Possible algorithm not mentioned in class: 1. Find another person/group 2. Add your numbers together 3. Repeat steps 1 and 2 until there's one final solution. Less idling than the row/column algorithm devised in class.

-o4

One possible way to parallel the computation in this task might be: 1. Create a Google Spreadsheet 2. Each one of us fill in a value corresponding to row/column of our seats 3. Sum the numbers all up easily with the spreadsheet.

billdqu

@-o4, your algorithm is awesome. It is just like multiple threads write to different memory addresses with pre-negotiated rules. It saves lots of communication cost, only needs to care about when will every needed place be filled.

pdp

Isn't writing to memory huge overload? You mean writing to cache? I think one improvement to what we did in class was to start the addition from either ends of each row and add when we meet in the middle of the row. Then, the middle column could do the same thing.

Ant

@-o4, @billdqu - there are some interesting questions to think about here.

  1. How would you determine if every necessary cell of the spreadsheet has been filled (if a Google-owned processor somewhere wasn't doing this for you, and you had to do it yourself)?

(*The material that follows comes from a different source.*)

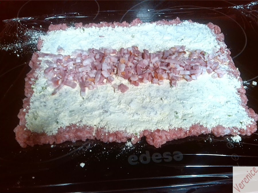 Sobre este extendemos la carne picada hasta dejarla de 1 cm de grosor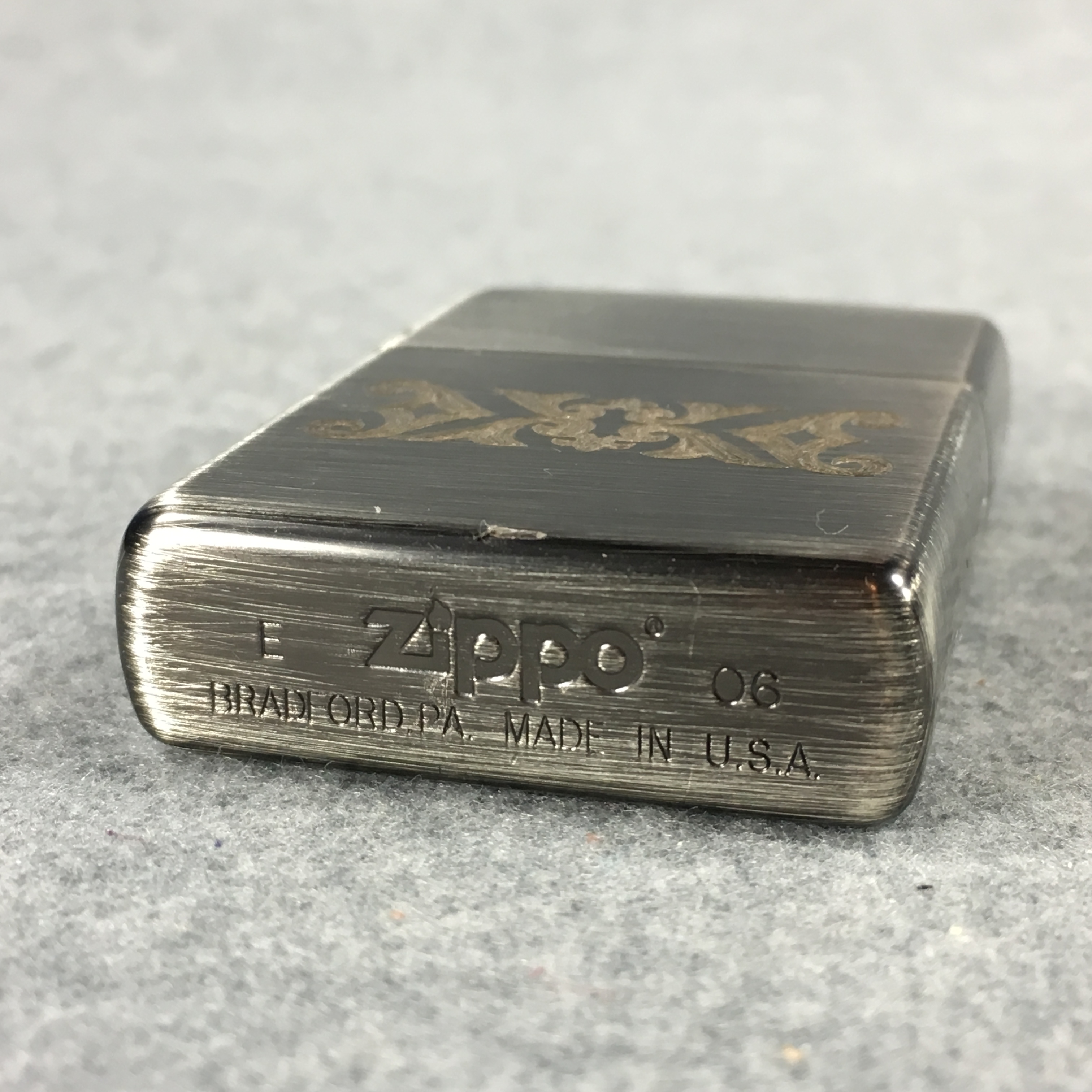 FRONT LASER ETCHED SCROLL Gray Brushed Chrome Lighter (Zippo, 2006)

  2. If the Google Spreadsheet didn't perform the addition for you, how would you go about doing it efficiently? Fast?

-o4

@Ant, yeah I have to admit I was assuming another Google processor here doing the addition for us. Yes you raised a great point about performing this addition. It still remains a task to solve (my method cheated a bit in this sense). My approach mainly seek to use parallelism to minimize the blocking situation that happened during class.

woohoo

@-04 I like your algorithm but believe it still has quite a bit of communication cost, specifically in distributing the google spreadsheet. would you gather emails from everybody in the class? distribute it through a broadcast system (piazza)?

-o4

@woohoo What I had in mind was to distribute the Google spreadsheet link on screen. Think of it as passing a memory location of the 2D array as extra parameter to each compute(). There are some gaps in this analogy and but you know the idea (more of a proof of concept).

yulunt

The spreadsheet approach is good to reduce communication but synchronization is required to recorded whether all thread finish. For example, pthread_join is called after pthread_create. As for sample code in assignment 1, the program perform join from thread ID 0 to N. There is an another issue here. The order in which threads finish may not correspond to their IDs.

jk2d

@VersaceGohan This indeed creates less idling than the row/column algorithm in class. One thing to consider is that this algorithm quickly leads to the case where people have to add two large number together (2-digit number + 2 digit number or even 3-digit + 3-digit). Human's calculating ability is limited. This could potentially create more overhead, but overall I think your algorithm is still much better than the algorithm used in class.